_INSTRUCTIONS TO FOLLOW_
All of the data should be copied exactly, with the pictures left out.

_RECORDS FOR PROCESSING_

■ ■ ■ ■

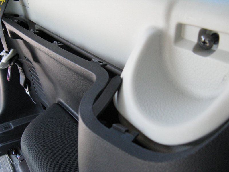 Сняв третий ряд сидений, мы принялись за боковые панели. Они у меня состоят из верхней и нижней с каждой стороны. И, в отличие от стандартного кузова, мои – полностью пластиковые. Как заметил Вадим, английские индусы постарались и закрепили их не только клипсами и защёлками, но и винтами. Один из них спрятан внутри уха для крепления сетки багажника (в кармане за колёсной аркой), второй – в ложе защёлки шторки багажника, третий – в ручке для входа на третий ряд сидений.
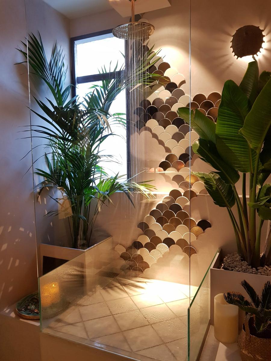 Un baño de lujo, en el que las figuras geométricas y las texturas se combinan para crear un ambiente femenino y mágico.
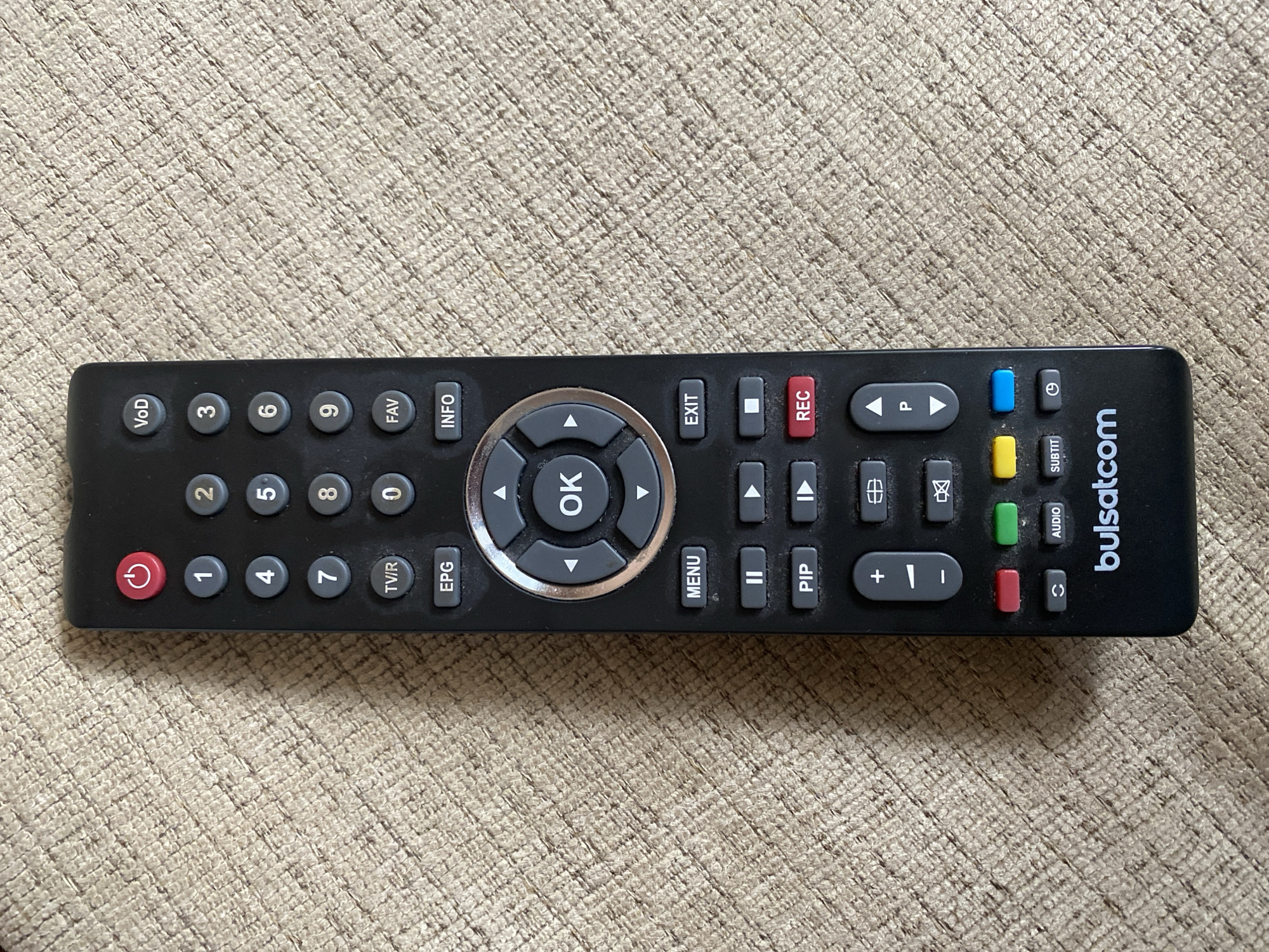 Bulsatcom remote control resting on a textured, neutral-colored surface
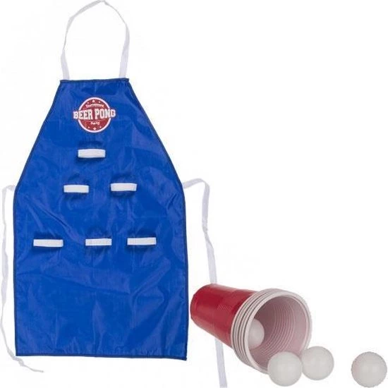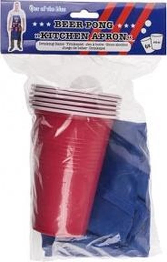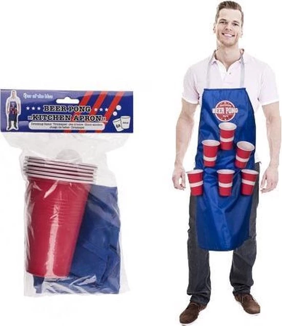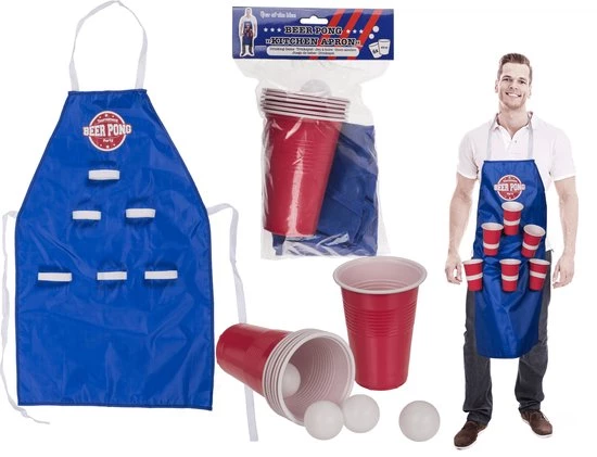 | Verpakkingsinhoud | 1x, keukenschort, 6x, bekertjes, beerpong, 4, ping, pong, balletjes |
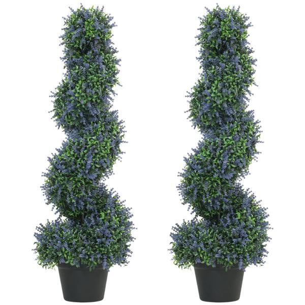 Bring a considered touch of greenery to your space with the HOMCOM Artificial Lavender Topiary Tree, a set of 2 designed to add colour and structure indoors or out. Each piece features a distinctive spiral silhouette finished with rich purple blooms, offering an elegant accent for doorways, patios and interior spaces where you want lasting style without ongoing upkeep.

■ ■ ■ ■

_RESULT OF THIS EXERCISE_
 Сняв третий ряд сидений, мы принялись за боковые панели. Они у меня состоят из верхней и нижней с каждой стороны. И, в отличие от стандартного кузова, мои – полностью пластиковые. Как заметил Вадим, английские индусы постарались и закрепили их не только клипсами и защёлками, но и винтами. Один из них спрятан внутри уха для крепления сетки багажника (в кармане за колёсной аркой), второй – в ложе защёлки шторки багажника, третий – в ручке для входа на третий ряд сидений.
 Un baño de lujo, en el que las figuras geométricas y las texturas se combinan para crear un ambiente femenino y mágico.
 Bulsatcom remote control resting on a textured, neutral-colored surface
 | Verpakkingsinhoud | 1x, keukenschort, 6x, bekertjes, beerpong, 4, ping, pong, balletjes |
 Bring a considered touch of greenery to your space with the HOMCOM Artificial Lavender Topiary Tree, a set of 2 designed to add colour and structure indoors or out. Each piece features a distinctive spiral silhouette finished with rich purple blooms, offering an elegant accent for doorways, patios and interior spaces where you want lasting style without ongoing upkeep.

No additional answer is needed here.